=== SUPPLIED INFORMATION ===
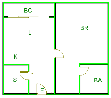 ▲ E(入口)=entrance BR (洋室)=Bedroom BA (浴室)=Bathroom
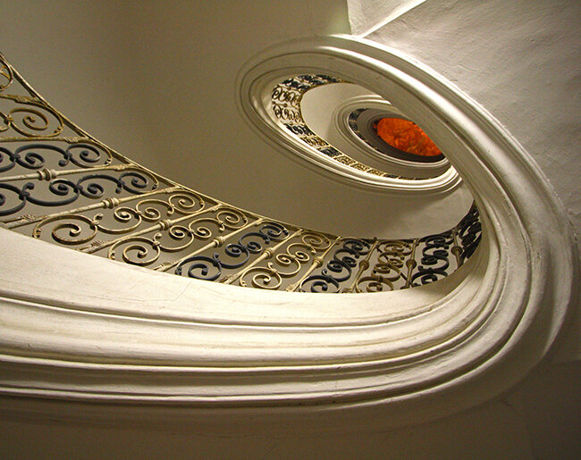 Podle plánů Jana Blažeje Santiniho Aichela byla v budově konventu postupně realizována čtyři samonosná schodiště. Dvě spojující přízemí s půdním prostorem a dvě trojramenná v rizalitech rajského dvora.
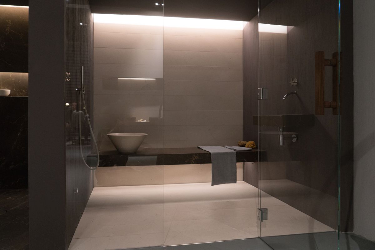 Otro concepto interesante es una ducha a ras de suelo abierta. Este solo tiene un separador entre este y el inodoro. Mantiene un aspecto muy abierto y ventilado en todo el baño.

=== ASSIGNMENT ===
Retyped exactly, the lines from the one holding "Podle plánů Jana" through the last line of the data above are the whole answer. Pictures stay out.

=== RESULT ===
 Podle plánů Jana Blažeje Santiniho Aichela byla v budově konventu postupně realizována čtyři samonosná schodiště. Dvě spojující přízemí s půdním prostorem a dvě trojramenná v rizalitech rajského dvora.
 Otro concepto interesante es una ducha a ras de suelo abierta. Este solo tiene un separador entre este y el inodoro. Mantiene un aspecto muy abierto y ventilado en todo el baño.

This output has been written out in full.